A holographic duplicate of himself shimmered into existence ten meters away—exactly at the edge of his skill’s range.
From the smoking crater of the spider’s corpse, a rustling sound emerged. It sounded like a thousand dry leaves skittering across pavement.
Jax peered through the gloom.
The ground was moving. Hundreds—no, thousands—of fist-sized black spiders were pouring out of the wreckage, their legs moving in a blur as they swarmed over the puddles.
Jax had nowhere to run. If he retreated deeper into the valley, he’d be exposed. If he ran for the gate, he’d have to cross the swarm.
“Gambling on the clone,” Jax whispered, backing away slowly.
The Decoy Clone stood motionless in the rain, emitting a high-frequency lure signal that only the insectoids could sense.
The tide of black death shifted. The spiderlings ignored the real Jax and surged toward the hologram.
Within seconds, the glowing blue figure was completely completely buried under a writhing, shifting mound of black legs and clicking mandibles.
Jax felt his scalp tingle intensely. The sight of the densely packed creatures made his skin crawl, his trypophobia instantly maxing out.
“Oh god. Oh god.”
He scratched at his head involuntarily, feeling phantom legs crawling all over him.
BOOM!
A shell from the Tier 2 Howitzer Turret screamed down from the sky.
It struck the center of the Decoy Clone with surgical precision.
The explosion blossomed into a fireball, shredding the hologram and the mound of spiders instantly.
“Yes!” Jax pumped his fist. “That’s what I’m talking about! The splash damage is insane!”
The swarm was vaporized. The spiderlings, terrifying in numbers, had zero defense against heavy artillery.
Jax crept forward to inspect the damage.
The ground was coated in a glowing green slurry. Countless tiny, charred legs floated in the puddles.
“Looks like the main force is down,” he muttered.
He turned to sprint toward the safety of the platform, his legs pumping like pistons.
But as he rounded the corner, he skidded to a halt.
A second wave of spiderlings—stragglers that had been too slow to reach the clone—was cutting across his path.
Jax stood face-to-face with fifty of the venomous critters.
“Awkward,” Jax whispered, eyes widening. “Am I seriously going to die to the leftovers?”
He didn’t wait to find out.
He leaped at a concrete support pillar for the wall, wrapping his arms and legs around it. The concrete was slick with rain and moss. He clawed his way up, muscles burning, slipping back an inch for every two inches he gained.
“Come on!” he grunted, dragging himself up to the two-meter mark.
He looked down. The ground below seemed like a bottomless abyss of death. One slip, one bite, and he would melt into a puddle of goo.
But then, something strange happened.
The spiderlings didn’t look up. They scurried right past the pillar, their sensory organs locked onto the location where the Decoy Clone had been.
Jax stared, dumbfounded. “Are they… are they blind?”
They ignored his heat, his scent, and his noise. They were simple biological machines, programmed to attack the strongest signal—which was still the lingering signature of the clone.
Jax waited until the last one scuttled past, then slid down the pillar like a fireman.
He didn’t hesitate. His legs were like they had engines installed, propelling him through the mud toward the ramp.
“Move, move, move!”
He sprinted up the walkway and collapsed onto the platform, gasping for air.
Before he could even sit up, a heavy weight slammed into him.
Barnaby dropped to his knees, grabbing Jax’s arm with snot-covered hands.
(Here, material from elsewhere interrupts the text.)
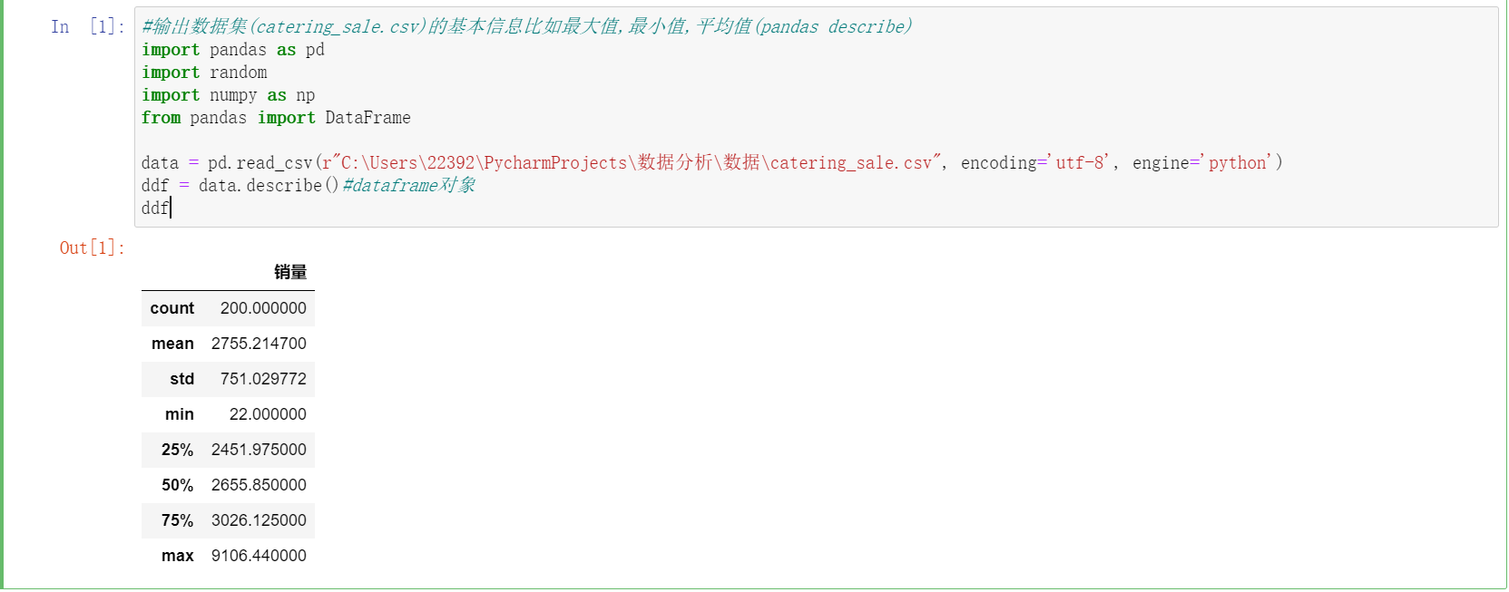 import pandas as pd import matplotlib.pyplot as plt import numpy as np df = pd.read_csv(r"C:\Users\22392\PycharmProjects\数据分析\数据\catering_sale.csv", encoding='utf-8', engine='python') plt.rcParams['font.sans-serif'] = ['KaiTi'] plt.rcParams['axes.unicode_minus'] = False fig,axes = plt.subplots() df.boxplot(column='销量',ax=axes) axes.set_ylable('values of tip_pct') fig.savefig(r'c:\p3.png')

The giant man had cried into a tearful mess.
“Bro! I thought you were a goner! Waaah!”
Jax chuckled breathlessly, patting Barnaby’s shaking shoulder. “Lucky. Just… lucky to be alive.”
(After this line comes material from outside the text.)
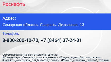 Роснефть по адресу Самарская область, Сызрань, Дизельная, 13 в дальнейшем Организация, размещена в следующих категориях:

The artillery fire ceased. The silence of the wasteland returned, broken only by the hiss of the rain.
Kaleb lowered his binoculars, a look of pure relief washing over his face.
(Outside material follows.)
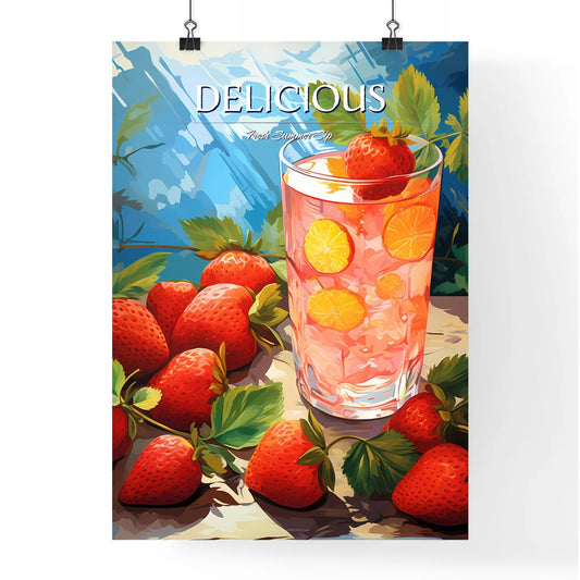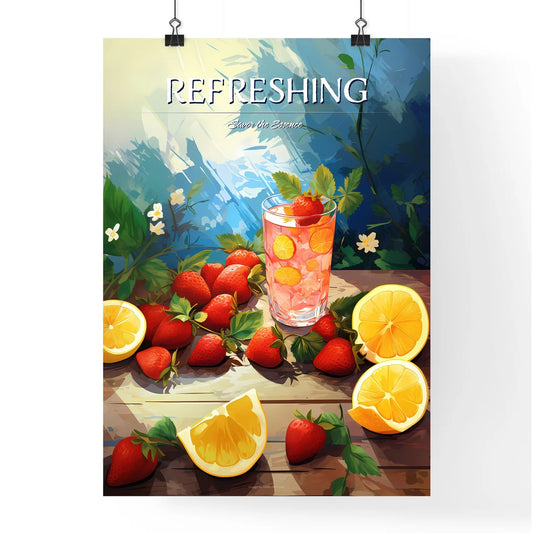 Glass Of Strawberry And Lemonade On A Table Art Print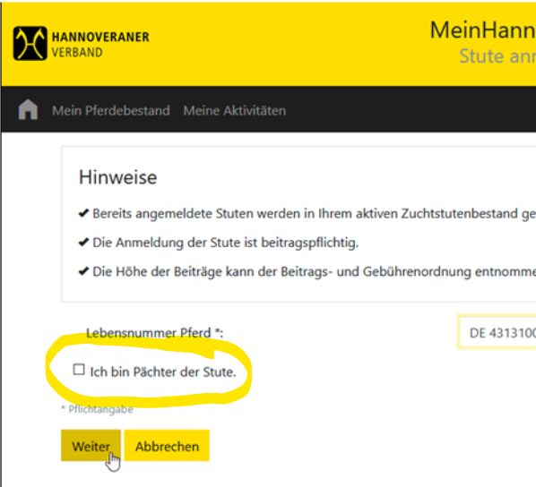 Zudem hat der WebBenutzer hier die Möglichkeit dem Verband mitzuteilen, dass er der Pächter der Stute ist. Diese Information wird dann bei der Verarbeitung des Besitzverhältnisses in serv.it PFERD berücksichtigt und das Kennzeichen 'Pachtpferd = ja ' gespeichert.

“They’re gone,” Kaleb announced. “The spiderlings are dispersing. We’re clear.”
Jax glanced back toward the valley floor. The battlefield was a mess of craters and slime, but nothing was moving.
“Good,” Jax groaned, letting his head fall back against the cold metal of the floor. “I’m exhausted. Wake me up when the rain stops.”
Supported by his team, Jax limped back into the fortress, alive to fight another day.